3. **daarion-web UI**
* [ ] `/microdao/daarion` loads without SSR error and displays orchestrator/microDAO context.
* [ ] `/nodes/node-1` loads and shows NODE1 data.
* [ ] At least one `/agents/...` page loads and shows crew/agents data.
* [ ] No `ECONNREFUSED 127.0.0.1:80` in `daarion-web` logs.
4. **Telegram routing**
* [ ] `telegram-gateway` uses the correct router URL (`http://dagi-router:9102` or via alias `router`).
* [ ] No `Temporary failure in name resolution` or `NotJSMessageError` in `telegram-gateway` logs under normal operation.

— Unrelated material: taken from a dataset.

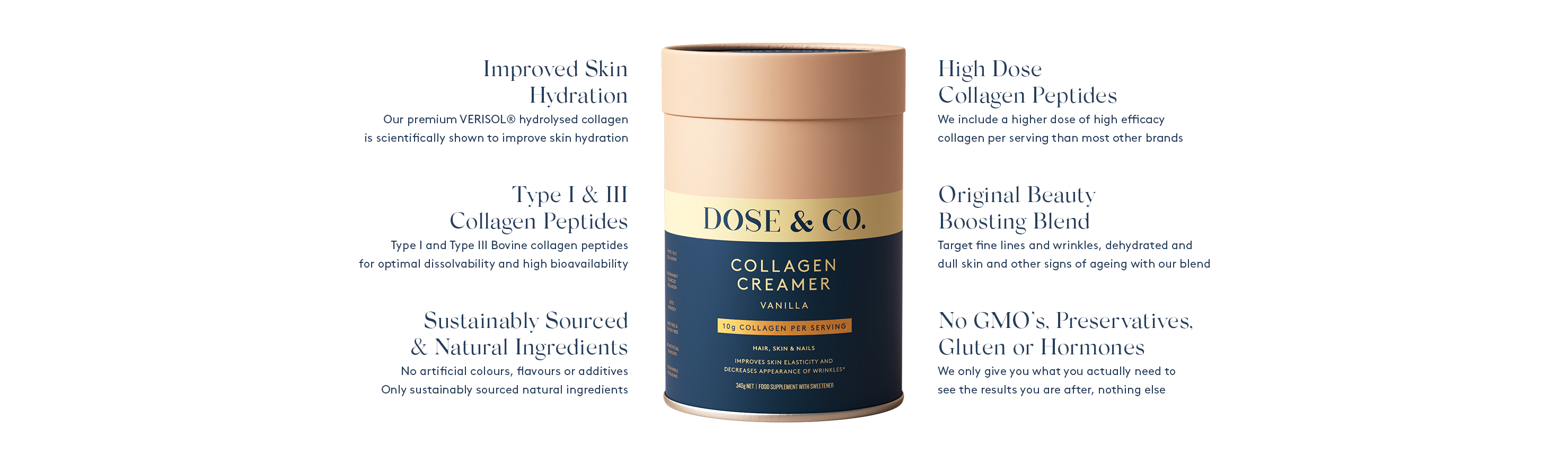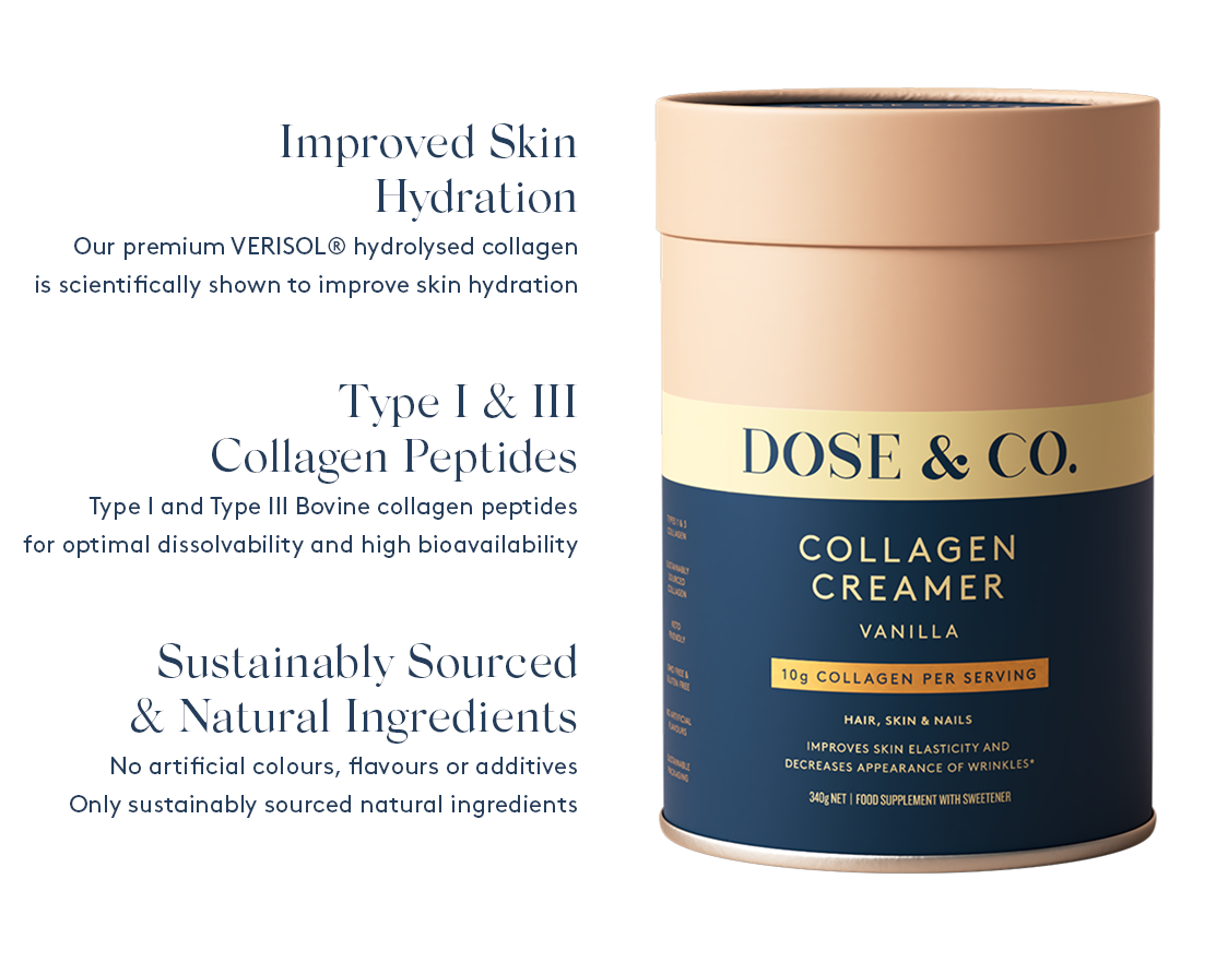The collagen found in Dose & Co helps support the structural integrity of the skin's layers, leading to optimised skin tone and texture. Collagen’s ability to improve skin elasticity also helps give skin a more even appearance.

* [ ] Sending a message through the Telegram bot results in a valid LLM-based reply via `dagi-router`.
5. **Docs**
* [ ] This task file `TASK_PHASE_NODE1_REPAIR.md` is saved under `docs/tasks/` (or the project's task folder).
* [ ] A short deploy how-to for NODE1 (from "git pull" to "docker compose up") is added/updated (e.g. `docs/DEPLOY_NODE1_REPAIR.md`).
---
## Notes for agents
* Prefer minimal, targeted changes over large refactors.
* Reuse existing patterns from other services (Dockerfiles, healthchecks, migrations).
* When in doubt which version of a library to pin (Torch, Haystack), check:
* existing working services in this repo,
* or the versions used in local/dev containers (if recorded in lockfiles).
* Keep logs and errors in comments / commit messages to help future debugging.